Try to close an occassional VM page related panic that is believed to occur due to the VM page queues or free lists being indirectly manipulated by interrupts that are not protected by splvm(). Do this by replacing splvm()'s with critical sections in a number of places. Note: some of this work bled over into the "VFS messaging/interfacing work stage 8/99" commit.
Correct a bug in the last FPU optimized bcopy commit. The user FPU state was being corrupted by interrupts. Fix the bug by implementing a feature described as a missif in the original FreeBSD comments... add a pointer to the FP saved state in the thread structure so routines which 'borrow' the FP unit can simply revector the pointer temporarily to avoid corruption of the original user FP state. The MMX_*_BLOCK macros in bcopy.s have also been simplified somewhat. We can simplify them even more (in the future) by reserving FPU save space in the per-cpu structure instead of on the stack.
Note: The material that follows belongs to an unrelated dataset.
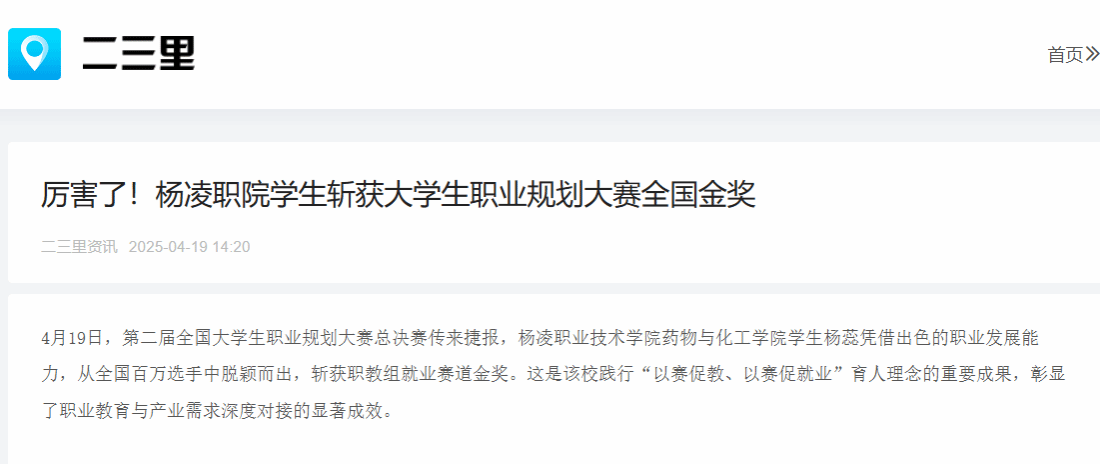 4月19日,第二届全国大学生职业规划大赛总决赛传来捷报,350vip浦京集团官网药物与化工学院学生杨蕊凭借出色的职业发展能力,从全国百万选手中脱颖而出,斩获职教组就业赛道金奖。这是该校践行“以赛促教、以赛促就业”育人理念的重要成果,彰显了职业教育与产业需求深度对接的显著成效。
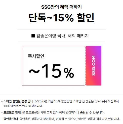 - 혜택 : 정상가 대비 최대 15% 할인, 카드 청구 할인, 항공사 마일리지 적립 (상품별 상이)

Do some minor critical path performance improvements in the scheduler and at the user/system boundary. Avoid some unnecessary segment prefix ops, remove some unnecessary memory ops by using more optimal critical section inlines, and use 32 bit arithmatic instead of 64 bit arithmatic when calculating system tick overheads in userret(). This saves a whopping 5ns worth of syscall overhead, which just proves how silly I am sometimes.